We will implement a simple algorithm in javascript to find the minimum characters to be removed to make two string anagram. Everything will be written in ES6.
Note: Here we will be using lowercase alphabets in the string.
Anagram: An anagram of a string is another string that contains same characters, only the order of characters can be different.
Example
Input: 'abc' 'cde' 'ghj' 'jhk' Output: // delete a and b from abc // delete d and e from cde 4 //delete g from ghj //delete k from jhk 2
Implementation
- We will keep track of the characters occurrences in both the string.
- If the a character is present in both the string then we will reduce its count from both the tracker else we will return the combined count of the both trackers.
let makeAnagram = (a, b) => {
//keep track of the characters count
let countA = 0;
let countB = 0;
//Create an array of all the alphabets to monitor the occurrences
let arr = new Array(26);
arr.fill(0, 0, 26);
//count the characters in the first string
for (let i = 0; i < a.length; i++){
arr[a[i].charCodeAt() - 'a'.charCodeAt()]++;
countA++;
}
//count the characters in the second string
for (let i = 0; i < b.length; i++){
//if character is present in both the string then reduce it counts
if (arr[b[i].charCodeAt() - 'a'.charCodeAt()]) {
arr[b[i].charCodeAt() - 'a'.charCodeAt()]--;
countA--;
} else {
countB++;
}
}
//return the combined count of the characters
return countA + countB;
}
Input:
console.log(makeAnagram('abc', 'cde'));
console.log(makeAnagram('ghj', 'jhk'));
Output:
4
2
The charCodeAt() function returns the ASCII value of the character.
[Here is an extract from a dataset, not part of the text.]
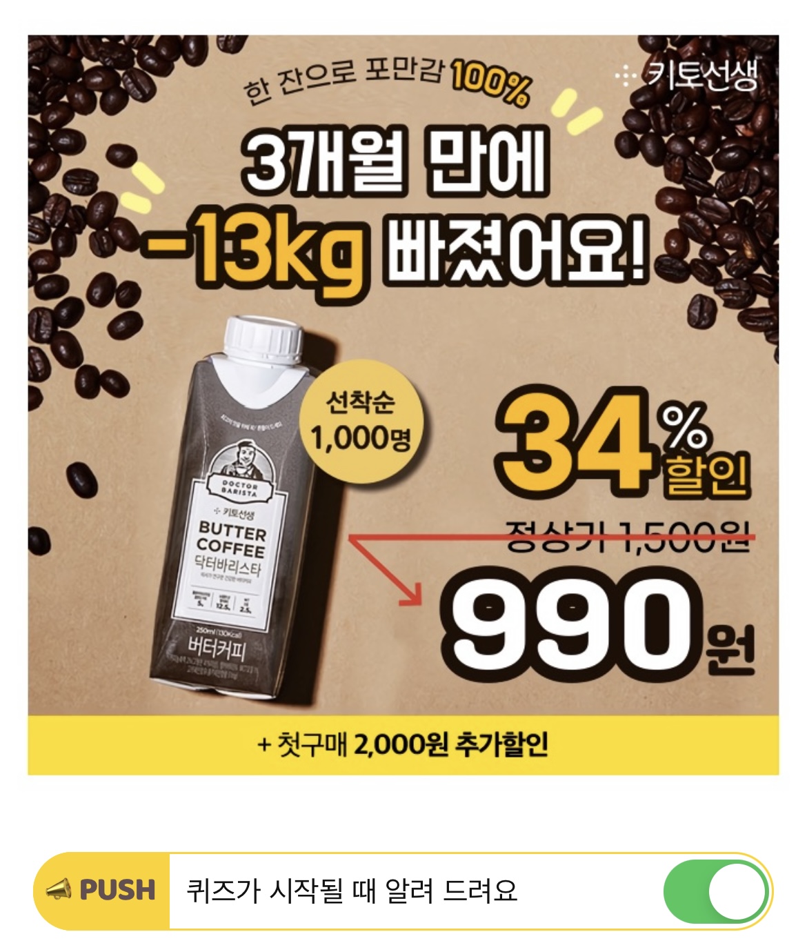 "아침 점심 하루 두잔 마시니 -8kg빠졌어요! 지금까지 마신 방탄커피 중에 제일 맛있는듯" 이 내용은 쇼핑라이브 방송 2회 연속 1,000박스가 매진된 닥터바리스타 후기인데요, 바리스타 자격증을 가진 의사가 9개월 동안 OO했습니다.

ASCII value of a is 97 and ASCII value of b is 98 so 98 - 97 = 1. Then array at index 1 will be incremented or decremented.
Time complexity: O(m + n).
Space complexity: O(1).
Time and space complexity
- We are iterating through both given strings and their lengths can vary, so Time complexity is (m + n) where m is the length of first string and n is the length of the second string.
- We are using an array of 26 lengths and it will not grow no matter what is the length of the strings i.e we are using constant space, so Space complexity is O(1).